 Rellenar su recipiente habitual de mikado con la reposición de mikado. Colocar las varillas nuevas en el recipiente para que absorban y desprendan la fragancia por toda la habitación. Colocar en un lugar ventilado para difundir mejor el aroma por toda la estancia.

...

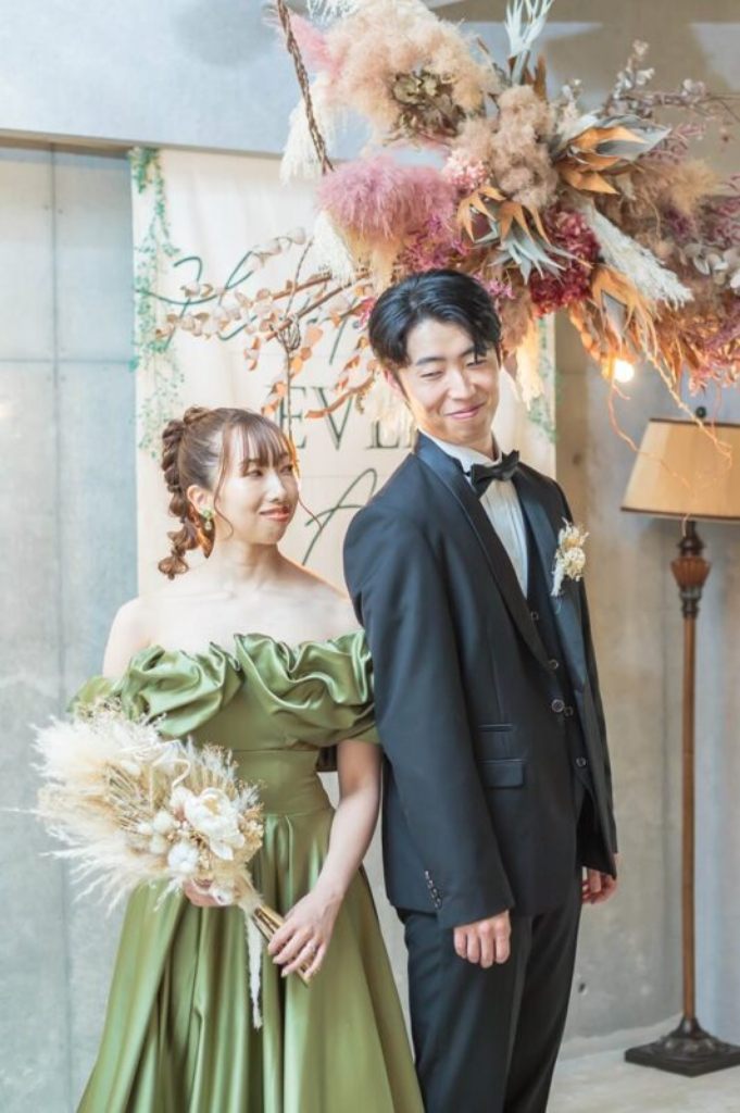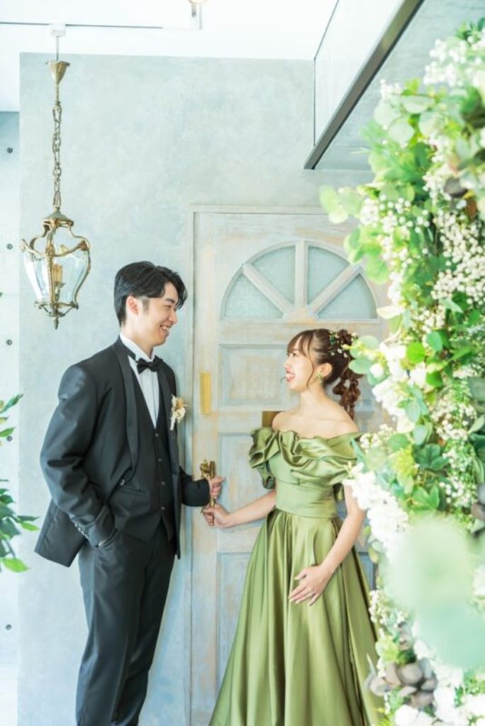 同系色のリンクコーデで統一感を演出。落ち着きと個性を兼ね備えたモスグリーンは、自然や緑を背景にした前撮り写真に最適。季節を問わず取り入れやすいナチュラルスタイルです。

--

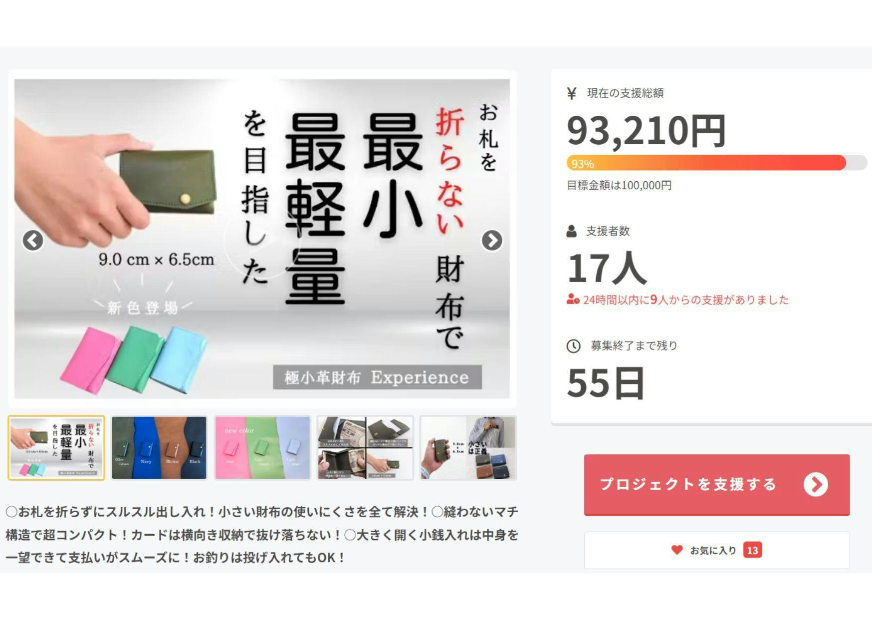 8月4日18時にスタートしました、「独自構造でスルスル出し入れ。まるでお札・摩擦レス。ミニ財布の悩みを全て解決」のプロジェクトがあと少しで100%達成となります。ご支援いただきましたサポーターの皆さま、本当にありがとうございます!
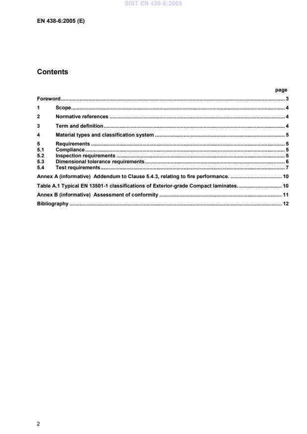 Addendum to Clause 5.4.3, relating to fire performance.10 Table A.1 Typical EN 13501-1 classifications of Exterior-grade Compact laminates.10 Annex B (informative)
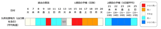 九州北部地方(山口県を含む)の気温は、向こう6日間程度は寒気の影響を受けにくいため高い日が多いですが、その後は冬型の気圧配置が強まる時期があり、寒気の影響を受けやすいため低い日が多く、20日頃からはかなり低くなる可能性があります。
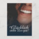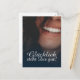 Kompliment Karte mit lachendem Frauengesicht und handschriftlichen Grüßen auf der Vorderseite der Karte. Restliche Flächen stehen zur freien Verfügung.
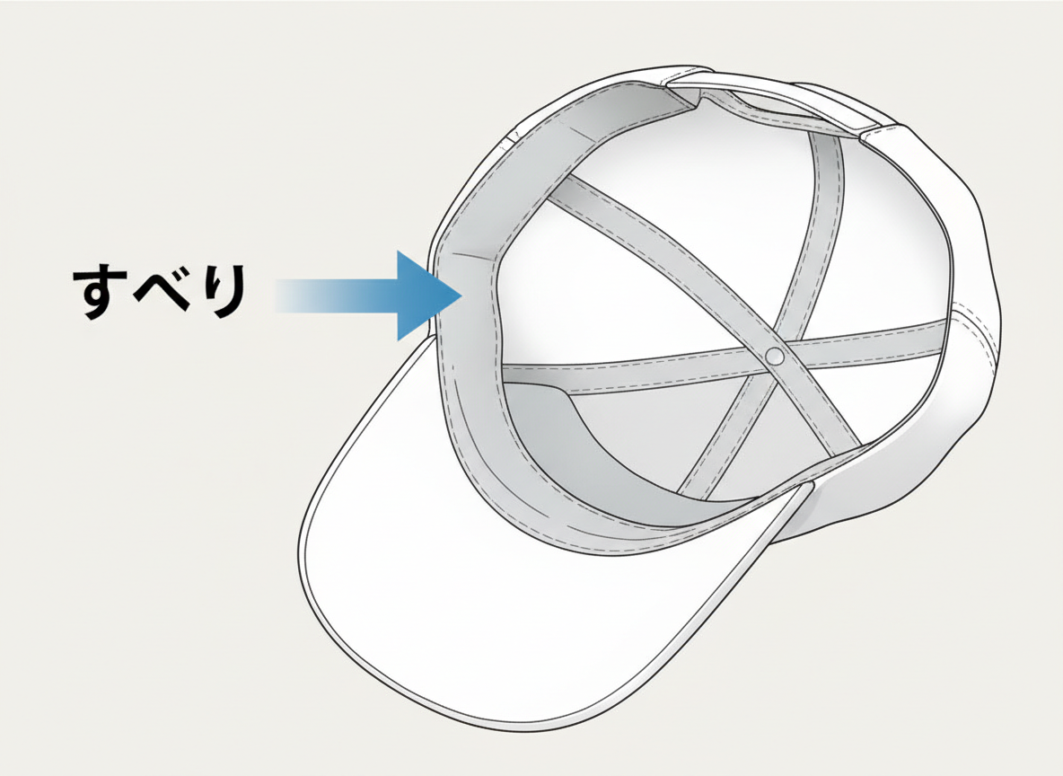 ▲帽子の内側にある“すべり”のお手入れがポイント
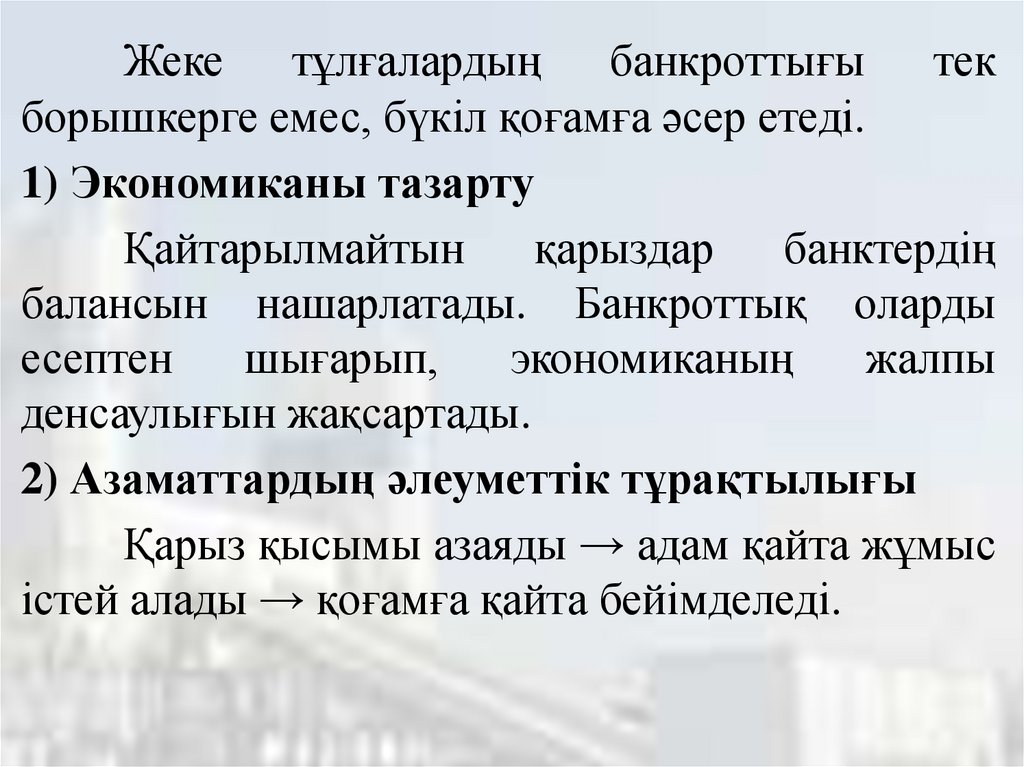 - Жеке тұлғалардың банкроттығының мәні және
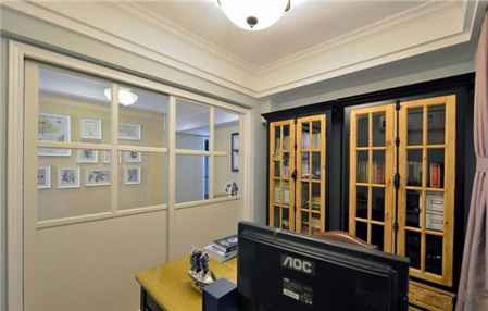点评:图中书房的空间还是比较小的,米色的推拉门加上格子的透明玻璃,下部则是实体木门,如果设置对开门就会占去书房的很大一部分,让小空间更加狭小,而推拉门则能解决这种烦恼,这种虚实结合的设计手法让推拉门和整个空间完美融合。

• **Task details**: What lines above run from the one with "Addendum to Clause" to the one with "点评:图中书房的空间还是比较"? Give them again exactly, ends included, and leave the pictures out.

• **Response**:
 Addendum to Clause 5.4.3, relating to fire performance.10 Table A.1 Typical EN 13501-1 classifications of Exterior-grade Compact laminates.10 Annex B (informative)
 九州北部地方(山口県を含む)の気温は、向こう6日間程度は寒気の影響を受けにくいため高い日が多いですが、その後は冬型の気圧配置が強まる時期があり、寒気の影響を受けやすいため低い日が多く、20日頃からはかなり低くなる可能性があります。
 Kompliment Karte mit lachendem Frauengesicht und handschriftlichen Grüßen auf der Vorderseite der Karte. Restliche Flächen stehen zur freien Verfügung.
 ▲帽子の内側にある“すべり”のお手入れがポイント
 - Жеке тұлғалардың банкроттығының мәні және
点评:图中书房的空间还是比较小的,米色的推拉门加上格子的透明玻璃,下部则是实体木门,如果设置对开门就会占去书房的很大一部分,让小空间更加狭小,而推拉门则能解决这种烦恼,这种虚实结合的设计手法让推拉门和整个空间完美融合。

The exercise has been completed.